Open JQFonseca opened 4 years ago
I believe the data that we use in the example notebook is now contained within the tests
folder and is small compared to the old example data. The old example data is still in the repo in the example_data
folder though and I don't think we use it (@mikesmic can confirm). If we remove that, the repo will be ~20mb which I think is reasonable.
Were you downloading though GitHub Desktop by the way? I have found that to be very slow for some reason which is not directly related to repo size. It sometimes takes a long time on a fast connection.
The example notebook now only using the data from the tests directory which contains 8.7MB of data - 4.9MP is a ctf file which we should maybe make smaller as it's not used in the example notebook. I will delete the example data directory in develop (I thought I had already done this tbh) which will cut out 36MB (60-70% of the total size)
It would be great to work towards having a library of example datasets, defined with consistent filenames and formats to automatically pull into a notebook.

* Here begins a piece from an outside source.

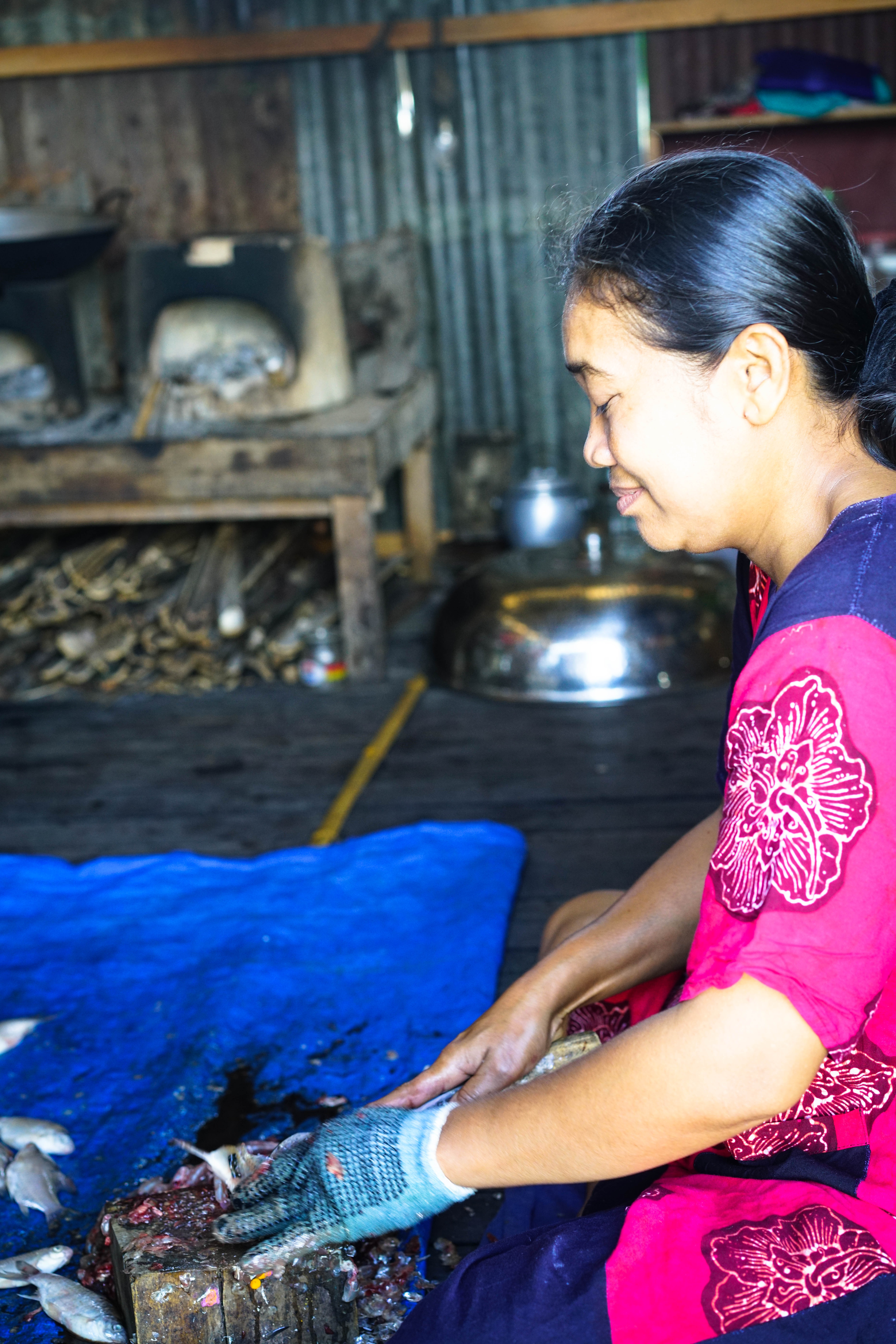 There was no furniture except a mattress that was propped up against the wall during the day and a neat kitchen with some shelves and a little stove. The lady of the house was busy with her daily chores of cleaning small fish and putting them out to dry, but interrupted her activity to prepare us some tea and delicious fried bananas. We sat chatting on a carpet as the house gently moved in the wind.

This is still an issue. Cloning downloads 321.29 MiB of data. What's being downloaded? Does cloning include the whole history? Any ideas @merrygoat ?
Yes, the hidden .git folder has all of the historical diffs - you should be able to check this by doing a shallow clone:
git clone -–depth [depth] [remote-url]
Where depth is the number of diffs to fetch.

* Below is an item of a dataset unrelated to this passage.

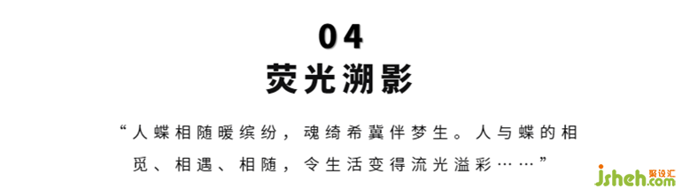 藝術(shù)創(chuàng)作需要豐富的想象力與創(chuàng)造力,基于功能性和唯美度的規(guī)劃,以“幻影”抽離現(xiàn)實(shí),以“視覺(jué)”表達(dá)感知,在靜謐的空間中,安放其中的靈動(dòng)蝴蝶,恣意穿梭空間各處,仿佛在空間里營(yíng)造出一種人與自然和諧共處的時(shí)空情緒。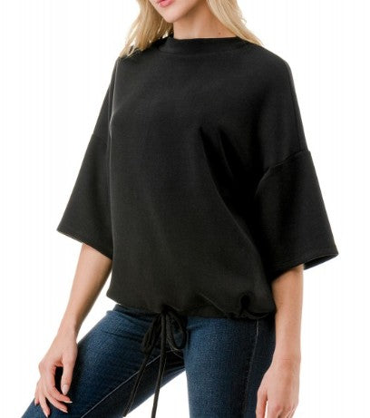 Allie Rose Square Neck Ribbed Long Sleeve Knit - Black

You can use git filter-branch
to edit history and remove the files but do be careful, editing the history is slightly dangerous. Best to do locally first and ensure you are happy before a force push.
Publishing on PyPI is a better approach than fiddling with the git history, isn't it?

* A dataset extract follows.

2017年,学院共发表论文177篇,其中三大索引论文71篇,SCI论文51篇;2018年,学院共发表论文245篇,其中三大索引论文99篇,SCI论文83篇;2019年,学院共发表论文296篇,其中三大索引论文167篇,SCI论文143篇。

I didn't think of it like that, but yes certainly.
I had a look at finding big files and deleting them from the history, I found a decent guide (https://web.archive.org/web/20190207210108/http://stevelorek.com/how-to-shrink-a-git-repository.html) but it scares me. I will publish to PyPI for now, it's daft that I haven't done that yet
I installed DefDap on a different computer today and it took so long tod download everything, primarily because the example data (which is needed) is relatively large. Could I suggest we move it to a repository, like Zenodo and then have a command to download it in the example notebook?